I don't watch Doctor Who but that is a great article.

This bit particularly resonated: "But, then, BBC Studios made the classic embarrassing middle-aged error of assuming a loud, small group of young people are representative of all young people."

This is rife not just across the BBC but across many of our organisations, including the Labour Party.

Goosefoot · 27/12/2019 03:12

I really was not keen on the lesbian lizard lady. That whole set of storylines, they did't make a lot of sense, and they didn't seem possible. Which seems like a weird thing, but if I compare it say to the first new episode, with the living plastic mannikins - that seemed plausible. Crazy alien plastic coming alive in modern London. I had a formative experience as a child when I tried to shake hands with a mannikin and the hand came off - that episode was the stuff of nightmares for me.

But lizard ladies and dinosaurs in Victorian London - that's the past, right? We'd have heard of that.

Pandering to the hardcore fanbase landed us with the Matt Smith era; overly-complicated stories written purely for geeks where the casual viewer had to wait to hear Smith's last-minute explanation to understand what the hell had happened in the previous hour.

I was a pretty dedicated viewer though not a "fan" I tuned in reliably every week. And I usually like complicated, even slow plotting, and plots that extend over seasons rather than being very episodic. But many of those episodes confused the hell out of me, and the series were very over-written, disappearing up their own arses. It seemed toward the end that they was nothing ever really new or different it was all completely self-referential, like a sort of black hole crushed it all down into a tiny speck.

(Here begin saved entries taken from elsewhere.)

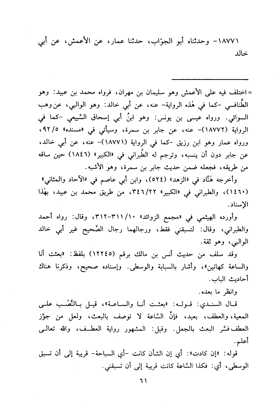 ١٨٧٧١ - وحَدَّثَنَاهُ أَبُو الْجَوَّابِ، حَدَّثَنَا عَمَّارٌ، عَنْ الْأَعْمَشِ، عَنْ أَبِي خَالِدٍ،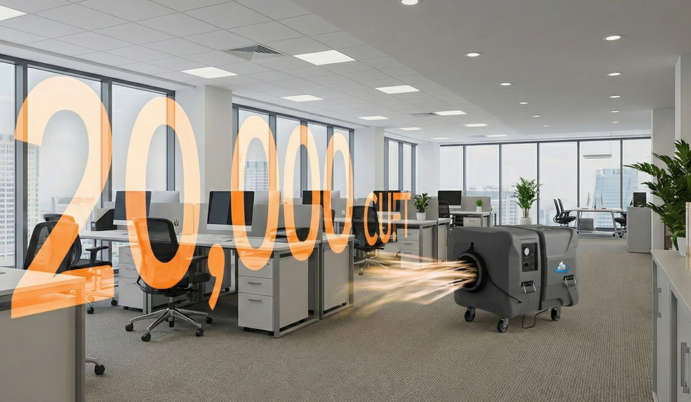 This air scrubber has an adjustable airflow that supports 800-2000 CFM. Designed for large rooms with additional overload protection, excellent performance with low power consumption. The internal fan achieves purification by continuously circulating the air in an enclosed space and repeatedly filtering unnecessary particles. Coverage of up to 2,0000 cu.ft.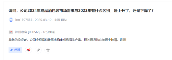 近日,有投资者在互动平台提问,公司2024年成品酒包装市场需求与2023年有什么区别,是上升了,还是下降了?

I think I watched the first Carpaldi season and then I said enough is enough.

Goosefoot · 27/12/2019 03:17

I thought the writer's perception that some fans felt the stories were there to serve a moral purpose was interesting.

I've noticed this a lot, you can't have a story that's morally ambiguous these days. Actually I am thinking too about the other discussion about A Christmas Carol, and I think that comes into this sense that people have that stories in film and books are being used as social activism more than real storytelling, be it in terms of casting, or including social issues in the plot, whatever.